Plewinski then described a meeting between administration and USA.

“[T]o say that [administration] did a good job of explaining this to us would be a total disservice to what actually happened,” Plewinski said. “I asked why we were never approached about [Travel Team] and why we had to go through the company.  It got to the point where the woman from Human Resources at the time asked to move to a different question.”

Plewinski said that the meeting with administration did not solve the problems students were having with Travel Team.  As a result of the continuing conflict, Plewinski said that current Vice President for Student Affairs Dr. Mangione asked him to write a letter expressing his concerns.

“I wrote about how we had an issue with things not being booked, [administration] not telling us or asking us, all of the extra charges, […] not making the reservation until way later, and making us all pay more–an issue of which is still recurring,” said Plewinski.

Plewinski claims that Canisius, for perhaps as long as a year, began offsetting the surcharge, but that the surcharge is now back.

Plewinski also raised the point of asking where the benefits go.  

“[S]omebody’s collecting the miles from these things,” said Plewinski. “Somebody’s collecting the points from the hotels, somebody’s collecting whatever reward or benefit.  That’s not coming back to the students.  It should be, because that’s what it was built as, so where’s it going?  Is it going to the College? Because that’s not right, their tax dollars didn’t pay for that; our student tax dollars paid for that.”  
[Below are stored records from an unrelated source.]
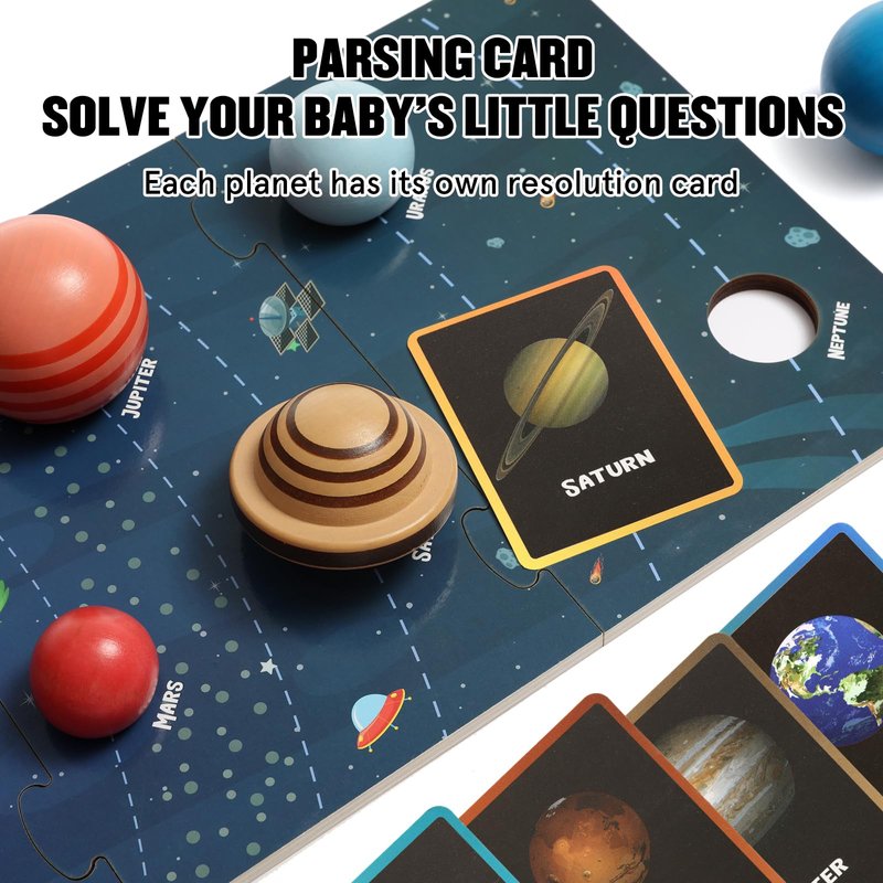 - 【SAFETY TOYS】This set includes 8 * Wooden Planets, 1 * Wooden Puzzle Board of the Solar System, 3 * Resin astronaut statue, and 8Double-sided Solar System Knowledge Education Cards.compliant with international toy standards, and have passed CPC safety tests. The product has a smooth surface, free of burrs and heavy metals, and is harmless to children. You can rest assured to let children play.
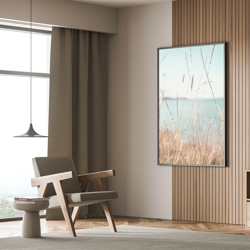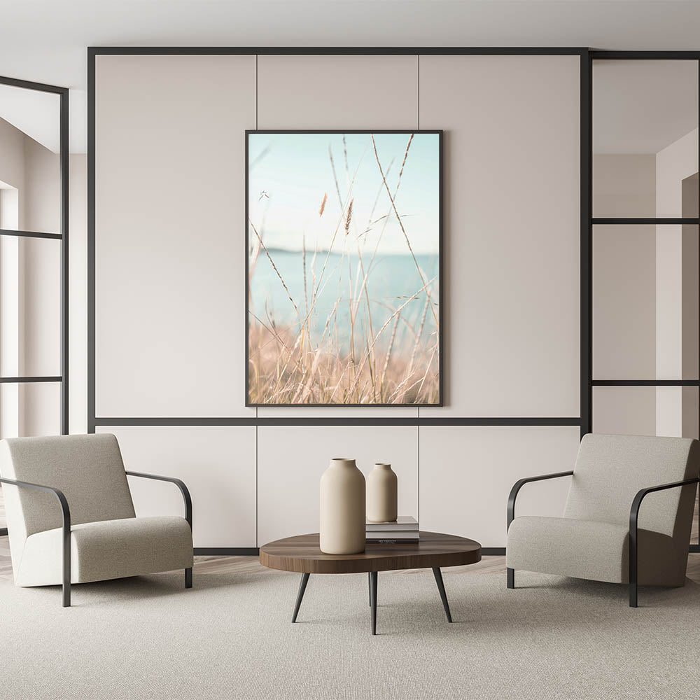 Infuse your home with the beauty of coastal summer days with the Golden Coastal Breeze wall art. This serene piece highlights tall golden beach grasses swaying softly against a calm ocean backdrop, embodying the essence of nature-inspired summer art. Perfect for creating a relaxing, vacation-inspired atmosphere, it brings warmth and natural elegance to any space.
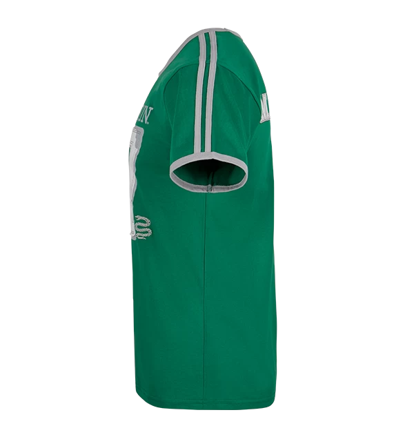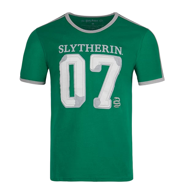 Celebrate your Hogwarts house loyalty with this bespoke Slytherin House Seeker T-Shirt. The short-sleeved t-shirt comes in the traditional house colour green which is combined with grey stripes along each sleeve. The number 07 is printed in a grey and white design in the centre of the t-shirt alongside the word Slytherin which is printed across the chest in grey. This personalised Slytherin t-shirt is complete with an embroidered grey serpent, the iconic Slytherin house animal.
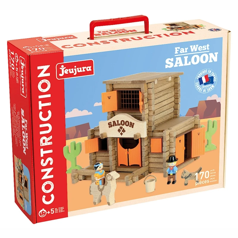 Pour les petits bâtisseurs amoureux de cow boys et de far west dés 5 ans, imagination, éveil et construction avec cet ensemble de 170 pièces, lieu mythique et incontournable des aventures de Far West, le Saloon ‘Jeu de Construction en bois Far West Le Saloon 170 pièces Jeujura®’. Un jouet de construction en bois, ludique et amusant pour se plonger au coeur de l’aventure des pionniers américains, les fermiers du Grand Ouest, ces cow boys et bien sûr lien social mythique et incontournable, où l’on retrouve les Vedettes de la gâchette, …le fameux Saloon. 170 pièces en bois naturel teinté, les petits madriers originaux de chez Jeujura® qui éveillent les sens et l’imaginaire des petits depuis 100 ans.
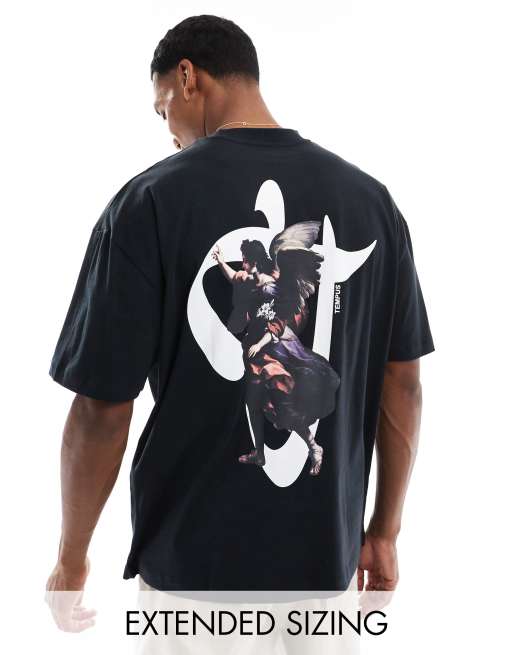 ASOS DESIGN - T-shirt oversize nera con stampa rinascimentale sul retro
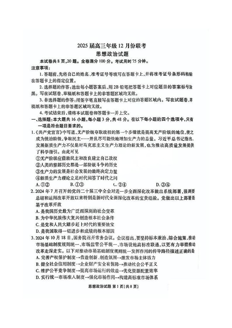 广东省衡水金卷2025届高三上学期12月联考 政治.pdf
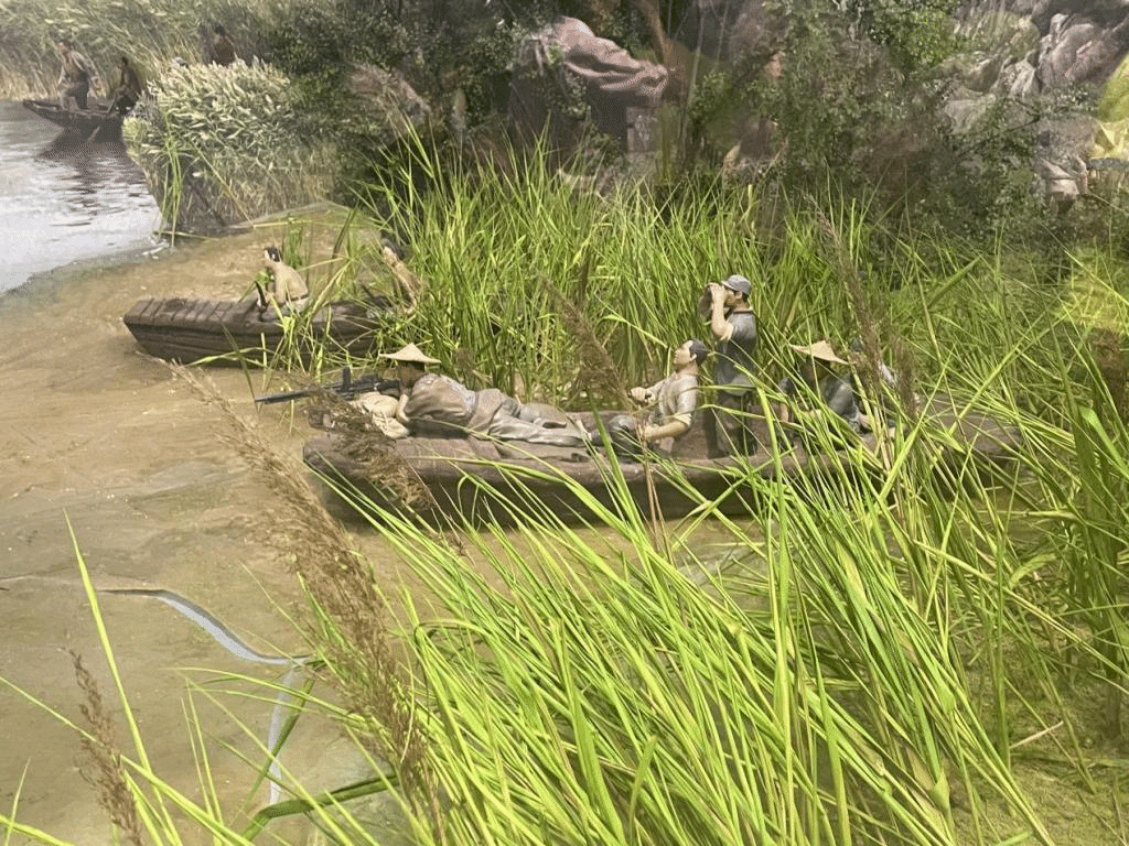 展馆内除了大量的史实资料,还有许多栩栩如生的雕像。借助现代先进的雕塑技术、油画技术,模拟当年的场景,重现先辈的无畏精神。微型雕塑最为生动,模拟了当年微山湖抗日游击战的场景,高大的芦苇间,藏着小小的木船,载着英勇抗战的先辈。

Plewinski also questioned why the College doesn’t trust its adult students to be booking these flights and making these decisions.  

“We’re students,” said Plewinski.  “We can handle it.  We’re in college.  That was almost the most insulting part of it.  Like, you don’t think we can do this? I don’t think that’s their angle though, honestly, I think it’s just something to make money off of.  I think that [Travel Team] saw an opportunity and they went for it.”  

For what it’s worth, many students have also, unofficially, endorsed the idea that club leaders working with their respective advisor and executive board, as well as Student Life, would able to plan and schedule a trip without the help of an outside company.

“I don’t think there’s any miscommunication between the students and administration,” said Plewinski towards the end of the interview.  “Everybody knows exactly what’s going on, and whoever wants to shine a light on it is going to be subjected to criticism–but you have to be willing to go through it to get it done. [Not changing something that’s broken] says a lot about the institution.”

To continue from last week’s article, use of the Travel Team seems like it too often results in exorbitant expenses, which Plewinski speculates are designed to generate a higher commission.  This observation is on top of the hotel mishaps in bookings, along with various other missteps which certain clubs have claimed cause more harm than good.  These seeming Travel Team problems are not new and, as evidenced by Plewinski, have been a problem since their inception in 2012. Students, as tuition payers, have a right to hold the administration accountable for any harm it is causing clubs and, ultimately, the College as a whole.  Only students are able to spend these allotted student tax dollars for clubs, so students have a right to know whose pockets their money is going into.